*** SOURCE MATERIAL ***

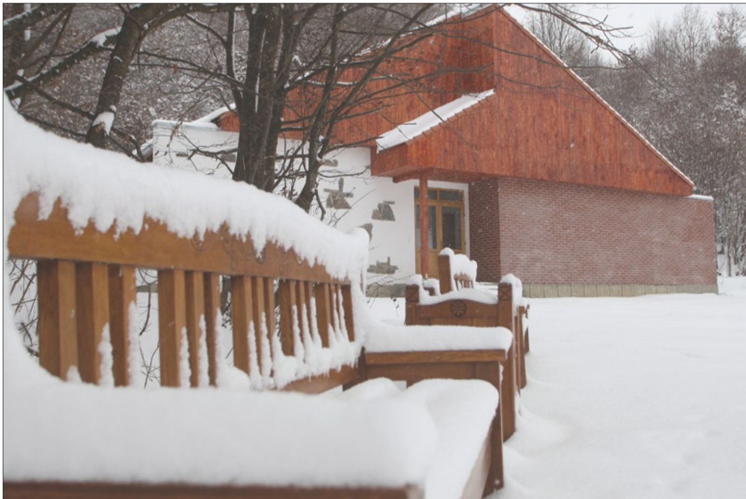
Csendélet a Szejkén. Tavasszal gépektől lesz hangos

Most már csak sós víz vagy gáz kellene, hogy újból régi pompájában csilloghasson az egykori fürdőtelep. ■ 4. oldal
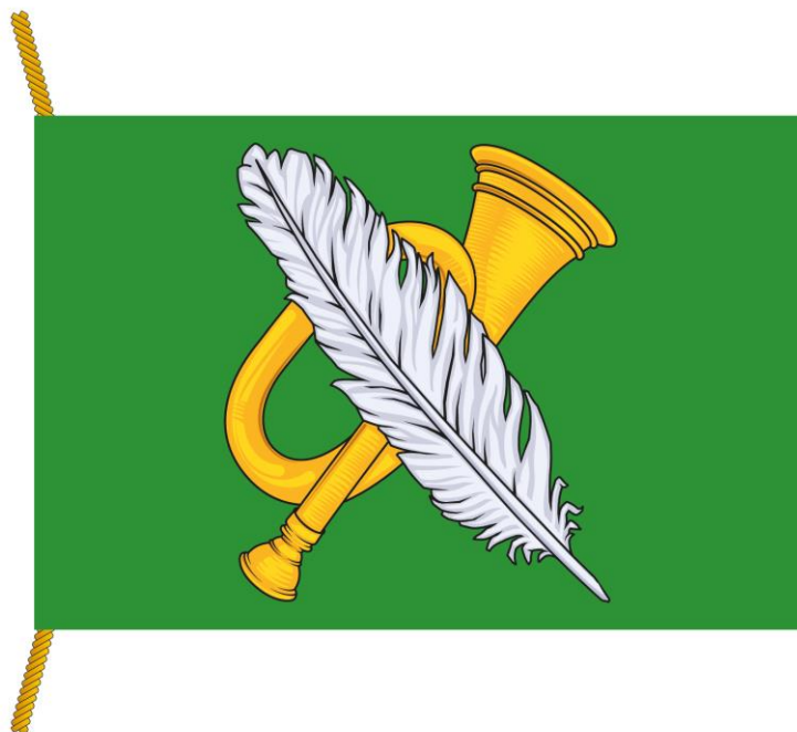
РИСУНОК ФЛАГА МУНИЦИПАЛЬНОГО ОКРУГА ПЕРОВО В ГОРОДЕ МОСКВЕ (лицевая сторона)
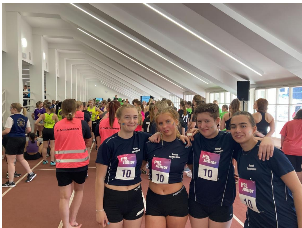
Flickornas lag i 4x100m på Olympiastadion den 20.5.2023
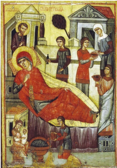
Рождество Богородицы. Икона. Середина XIV в.

Всего трех лет от роду Пресвятая Дева была введена во храм Иерусалимский. При храме в то время проживали мужи и жены – из вдов и девиц, ведущие чистый, благочестивый образ жизни. Это был как бы первообраз будущих христианских иноков.
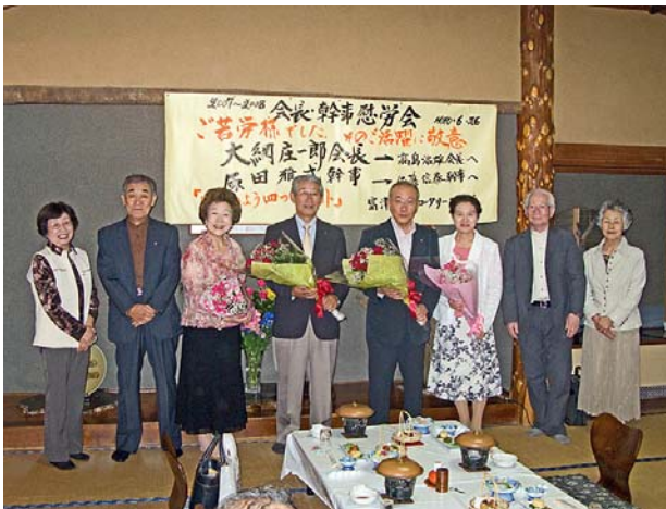
次期会長幹事夫妻より現職夫妻に花束贈呈
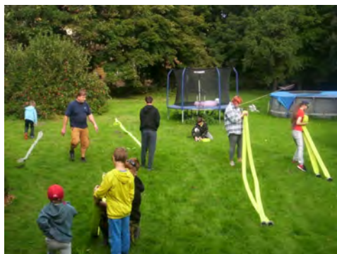
První schůzka malých hasičů
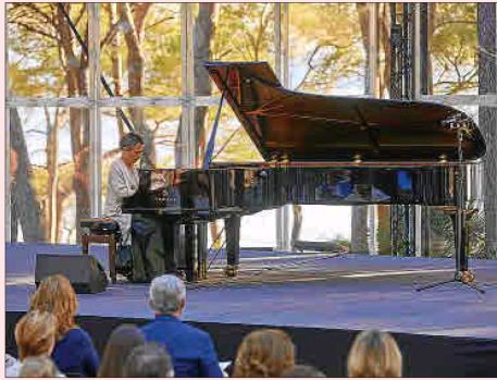
La pianista Maria Joao Pires durante el mágico concierto.

*** End of SOURCE MATERIAL ***

*PROBLEM TO SOLVE*. Word for word, restate each line above, minus its pictures.

*EXERCISE SOLUTION*.
Csendélet a Szejkén. Tavasszal gépektől lesz hangos

Most már csak sós víz vagy gáz kellene, hogy újból régi pompájában csilloghasson az egykori fürdőtelep. ■ 4. oldal
РИСУНОК ФЛАГА МУНИЦИПАЛЬНОГО ОКРУГА ПЕРОВО В ГОРОДЕ МОСКВЕ (лицевая сторона)
Flickornas lag i 4x100m på Olympiastadion den 20.5.2023
Рождество Богородицы. Икона. Середина XIV в.

Всего трех лет от роду Пресвятая Дева была введена во храм Иерусалимский. При храме в то время проживали мужи и жены – из вдов и девиц, ведущие чистый, благочестивый образ жизни. Это был как бы первообраз будущих христианских иноков.
次期会長幹事夫妻より現職夫妻に花束贈呈
První schůzka malých hasičů
La pianista Maria Joao Pires durante el mágico concierto.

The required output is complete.